ACTIVITY:
Your response is a verbatim copy of the listing, stripped of its images.

RAW DATA:
◆ ◆ ◆
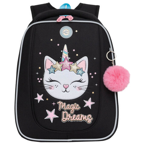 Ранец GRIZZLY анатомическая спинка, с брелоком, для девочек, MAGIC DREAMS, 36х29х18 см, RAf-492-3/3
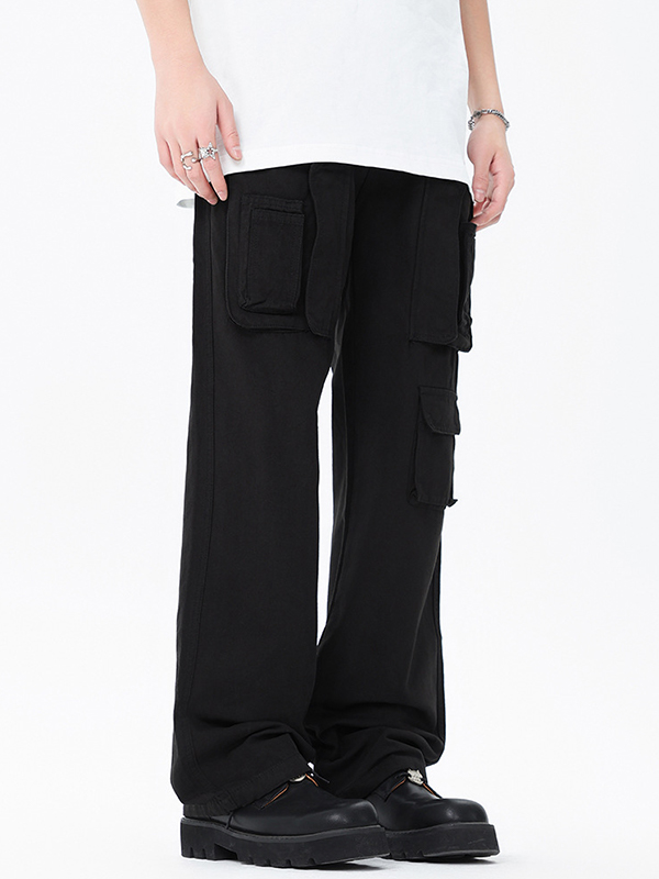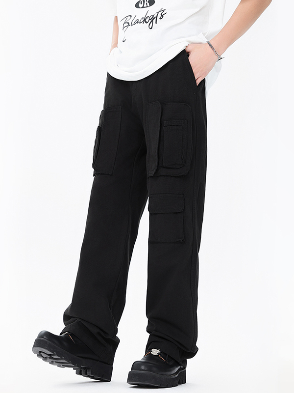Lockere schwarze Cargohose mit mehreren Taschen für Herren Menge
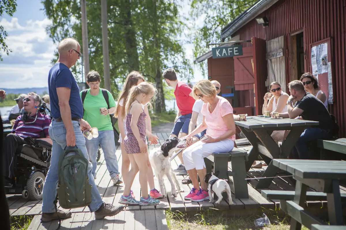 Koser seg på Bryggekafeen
◆ ◆ ◆
OUTPUT FOR THIS TASK:
 Ранец GRIZZLY анатомическая спинка, с брелоком, для девочек, MAGIC DREAMS, 36х29х18 см, RAf-492-3/3
Lockere schwarze Cargohose mit mehreren Taschen für Herren Menge
 Koser seg på Bryggekafeen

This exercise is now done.